🤖 AI Summary
To address scalability bottlenecks in large-scale dataset distillation—including prohibitive computational cost, high memory consumption, synthetic image homogenization, and poor generalization—this paper proposes Curricular Distillation, a novel curriculum-based framework. It progressively synthesizes training images according to sample difficulty, introduces a first-of-its-kind curriculum-aware evaluation mechanism to mitigate homogenization, and incorporates an adversarial optimization module to enhance image representativeness and cross-architecture robustness. The method integrates curriculum learning, gradient-matching distillation, multi-scale evaluation, and adversarial training. Extensive experiments demonstrate state-of-the-art performance: +11.1%, +9.0%, and +7.3% top-1 accuracy gains on Tiny-ImageNet, ImageNet-1K, and ImageNet-21K, respectively, significantly outperforming prior approaches and establishing a new benchmark for large-scale dataset distillation.
📝 Abstract
Most dataset distillation methods struggle to accommodate large-scale datasets due to their substantial computational and memory requirements. In this paper, we present a curriculum-based dataset distillation framework designed to harmonize scalability with efficiency. This framework strategically distills synthetic images, adhering to a curriculum that transitions from simple to complex. By incorporating curriculum evaluation, we address the issue of previous methods generating images that tend to be homogeneous and simplistic, doing so at a manageable computational cost.

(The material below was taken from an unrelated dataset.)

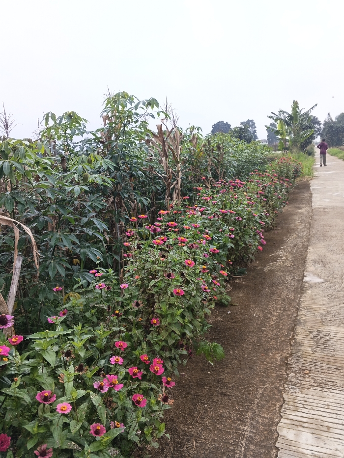 A rural scene showcases a concrete path bordering a vibrant flowerbed of pink Zinnias. Behind the flowers, lush green cassava plants mix with drying corn stalks. In the distance, a person walks along the path towards the right, under a cloudy sky. Patches of taller trees further back create a natural backdrop to the agricultural setting.

Furthermore, we introduce adversarial optimization towards synthetic images to further improve their representativeness and safeguard against their overfitting to the neural network involved in distilling. This enhances the generalization capability of the distilled images across various neural network architectures and also increases their robustness to noise. Extensive experiments demonstrate that our framework sets new benchmarks in large-scale dataset distillation, achieving substantial improvements of 11.1% on Tiny-ImageNet, 9.0% on ImageNet-1K, and 7.3% on ImageNet-21K. The source code will be released to the community.